*** Begin section ***

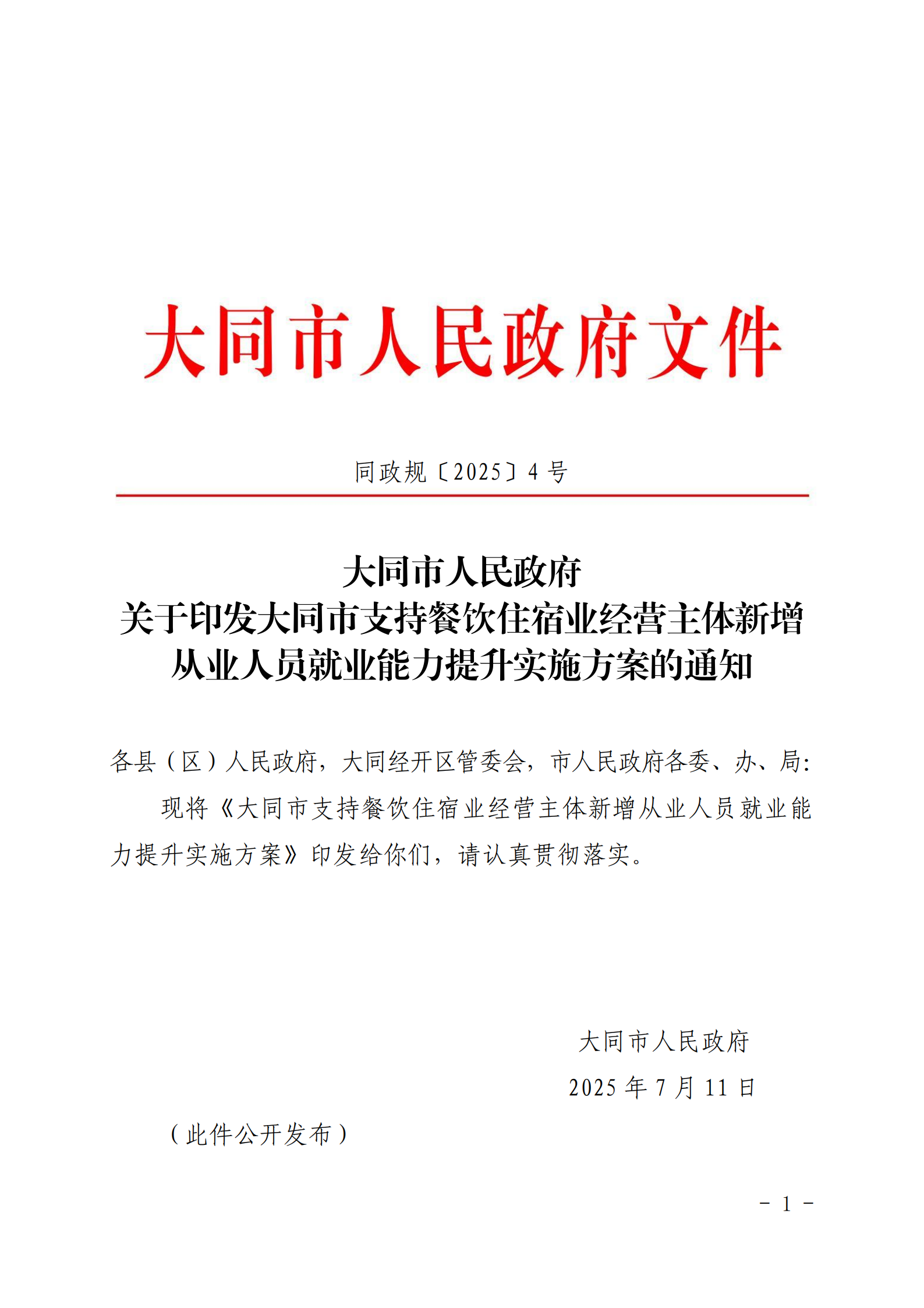 大同市人民政府关于印发大同市支持餐饮住宿业经营主体新增从业人员就业能力提升实施方案的通知
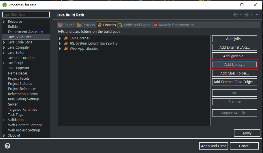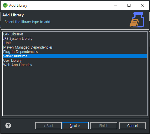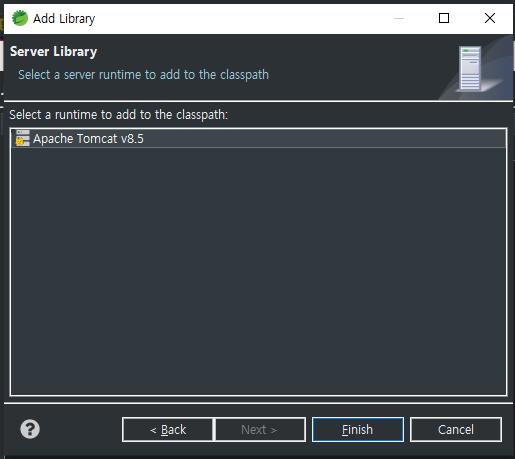 다음과 같이 add library 로 들어가서 서버 런타임을 설정해주면 된다. apache/tomcat을 설치했다면 설치한 버전으로 라이브러리를 발견할 수 있을 것이다.
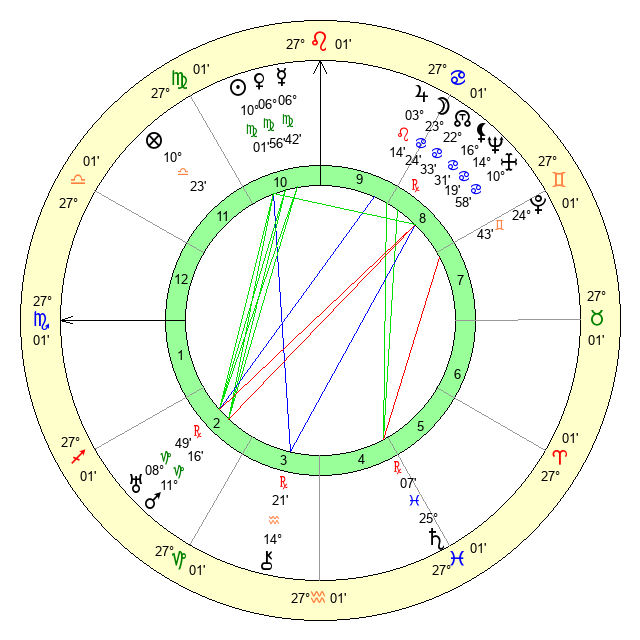 | Sun | 10 Virgo 2 | 11 Virgo 27 | 7 Capricorn 52 |
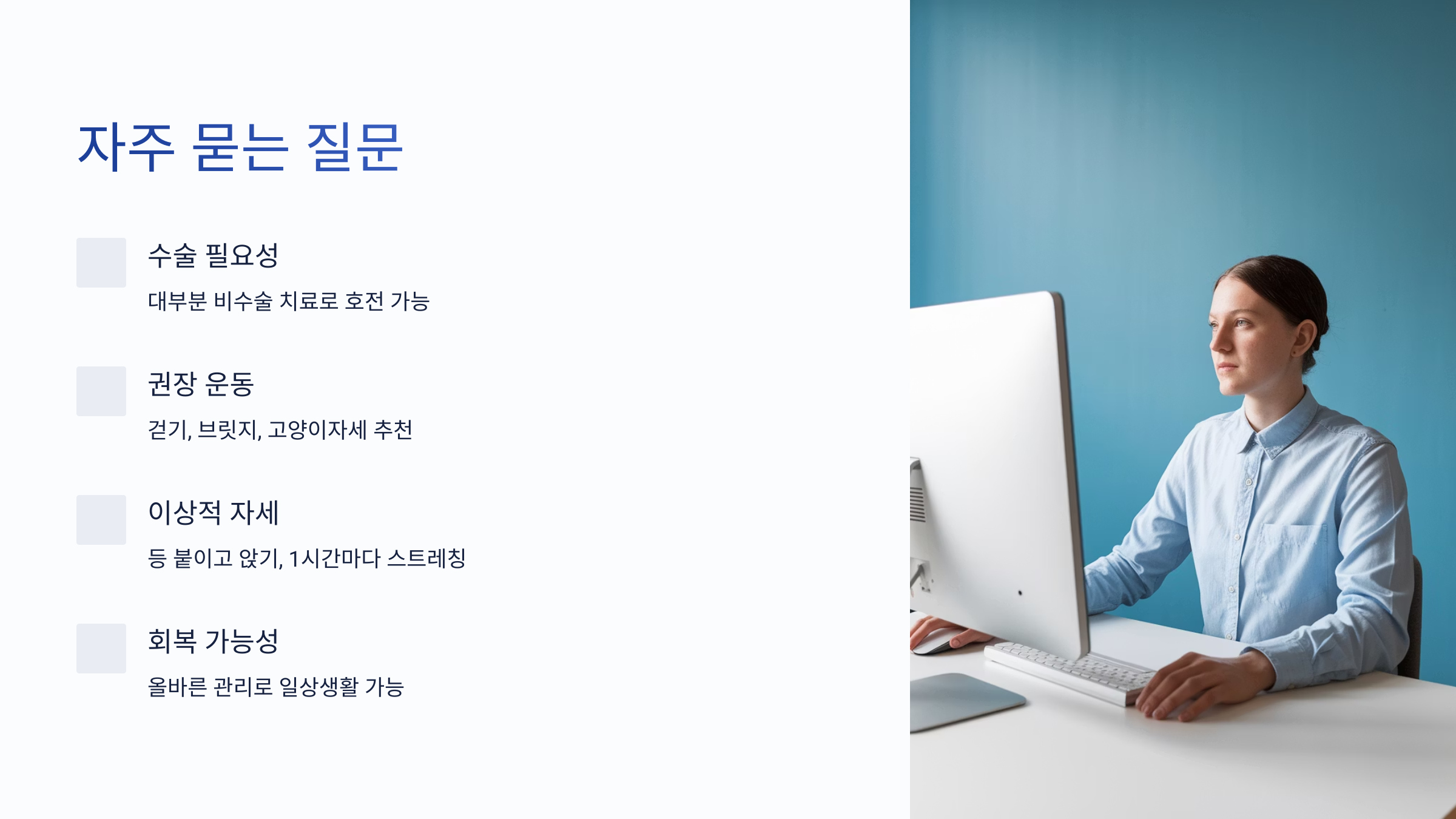 조기에 관리하고 생활습관을 조금씩 바꿔나간다면 수술 없이도 충분히 극복할 수 있습니다.
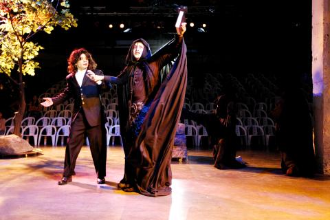 During an interview with the Taipei Times, Wu sat on a low, white plastic stool in the cavernous space of the East Second Hall (東二館) of Huashan 1914 Creative Park (華山1914). Wearing a massive black cape and pallid makeup, he resembled a dressed-down Phantom of the Opera. And the similarities with Andrew Lloyd Webber do not end there — Run, Chekov resembles a modern musical far more than it does even the most adventurous Chinese opera-oriented compositions in Contemporary Legend’s repertoire.

*** End section ***

Print the records above exactly, minus pictures.

◆ **Reply to the exercise**
 大同市人民政府关于印发大同市支持餐饮住宿业经营主体新增从业人员就业能力提升实施方案的通知
 다음과 같이 add library 로 들어가서 서버 런타임을 설정해주면 된다. apache/tomcat을 설치했다면 설치한 버전으로 라이브러리를 발견할 수 있을 것이다.
 | Sun | 10 Virgo 2 | 11 Virgo 27 | 7 Capricorn 52 |
 조기에 관리하고 생활습관을 조금씩 바꿔나간다면 수술 없이도 충분히 극복할 수 있습니다.
 During an interview with the Taipei Times, Wu sat on a low, white plastic stool in the cavernous space of the East Second Hall (東二館) of Huashan 1914 Creative Park (華山1914). Wearing a massive black cape and pallid makeup, he resembled a dressed-down Phantom of the Opera. And the similarities with Andrew Lloyd Webber do not end there — Run, Chekov resembles a modern musical far more than it does even the most adventurous Chinese opera-oriented compositions in Contemporary Legend’s repertoire.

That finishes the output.